In conclusion, we again reiterate that “the pui-pose of the legal system is to provide final resolution of legal controversies!)]” Well-man v. Energy Resources, Inc., 210 W.Va. 200, 207, 557 S.E.2d 254, 261 (2001). Since 1979, Mr. Richey has filed numerous suits over his conviction.17 However, “ ‘[n]o effective judicial system can afford to concede the continuing theoretical possibility that there is error in every trial.’” State v. Lo, 264 Wis.2d 1, 38, 665 N.W.2d 756, 774 (2003) (citation omitted). We have thus found no one is “entitled to appeal upon appeal, attack upon attack, and habeas corpus upon habeas corpus.” Call v. McKenzie, 159 W.Va. 191, 194, 220 S.E.2d 665, 669 (1975). Accord United States v. Quinones, 313 F.3d 49, 62 (2d Cir.2002) (finding no fundamental right to “the continued opportunity to exonerate oneself throughout the natural course of one’s life[.]”), cert, denied, 540 U.S. 1051,124 S.Ct. 807, .157 L.Ed.2d 702 (2003). Having thoroughly considered the merits of his claims, we agree that litigation must end sometime and “[t]hat time has come for Mr. [Richey].” United States v.
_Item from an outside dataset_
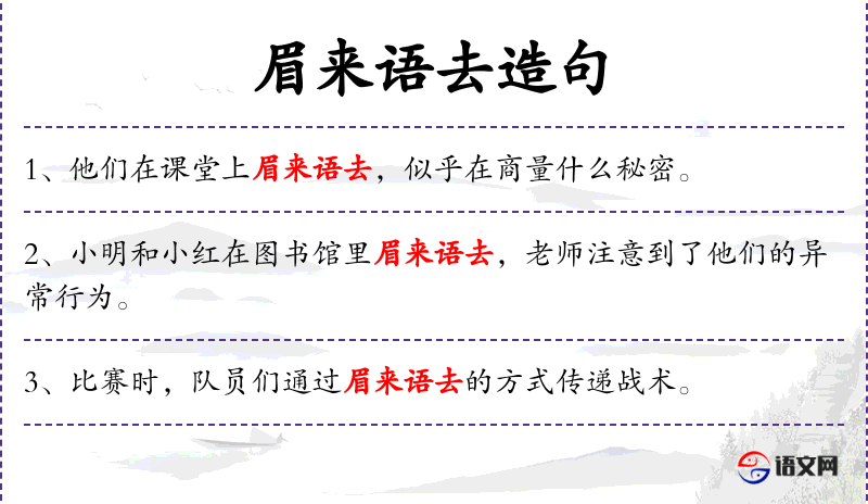 4. 【眉来语去】 - 眉目传情,话语示意。多形容男女之间的传情达意。

Keane, 852 F.2d 199, 206 (7th Cir.1988).
IV.
CONCLUSION
For the foregoing reasons, the petition for a writ of mandamus is denied.
Writ denied.
Justice STARCHER, deeming himself disqualified, did not participate in the decision of this case.
Judge PAUL ZAKAIB, Jr., sitting by temporary assignment.
Justice ALBRIGHT dissents and files a dissenting opinion.
Chief Justice MAYNARD concurs and files a concurring opinion.